*** Opening of MATERIAL TO PROCESS ***

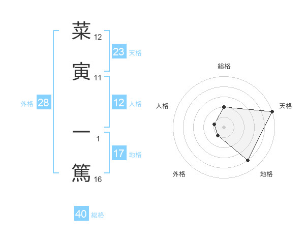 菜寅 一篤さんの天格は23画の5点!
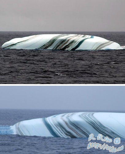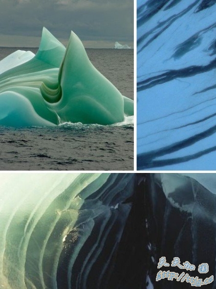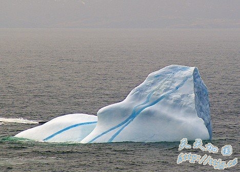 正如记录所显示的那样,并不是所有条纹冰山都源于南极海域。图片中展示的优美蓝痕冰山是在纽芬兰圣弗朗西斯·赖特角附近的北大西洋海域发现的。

*** Close of MATERIAL TO PROCESS ***
*** Opening of MATERIAL TO PROCESS ***

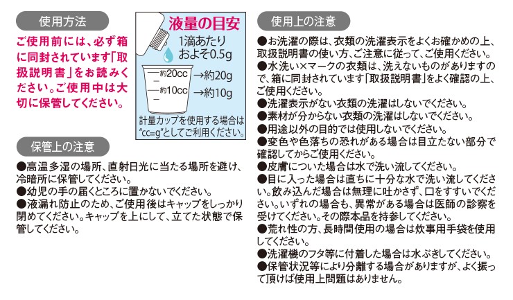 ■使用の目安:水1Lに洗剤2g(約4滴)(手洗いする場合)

*** Close of MATERIAL TO PROCESS ***
*** Opening of MATERIAL TO PROCESS ***

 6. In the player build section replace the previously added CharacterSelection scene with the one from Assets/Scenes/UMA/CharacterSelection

*** Close of MATERIAL TO PROCESS ***

● **EXERCISE REQUIREMENTS**:
Leaving out each picture, repeat exactly the lines above from the one that contains "菜寅 一篤さんの天格は23画の5点!" through the one that contains "正如记录所显示的那样,并不是".

● **RESPONSE TO THIS EXERCISE**:
 菜寅 一篤さんの天格は23画の5点!
 正如记录所显示的那样,并不是所有条纹冰山都源于南极海域。图片中展示的优美蓝痕冰山是在纽芬兰圣弗朗西斯·赖特角附近的北大西洋海域发现的。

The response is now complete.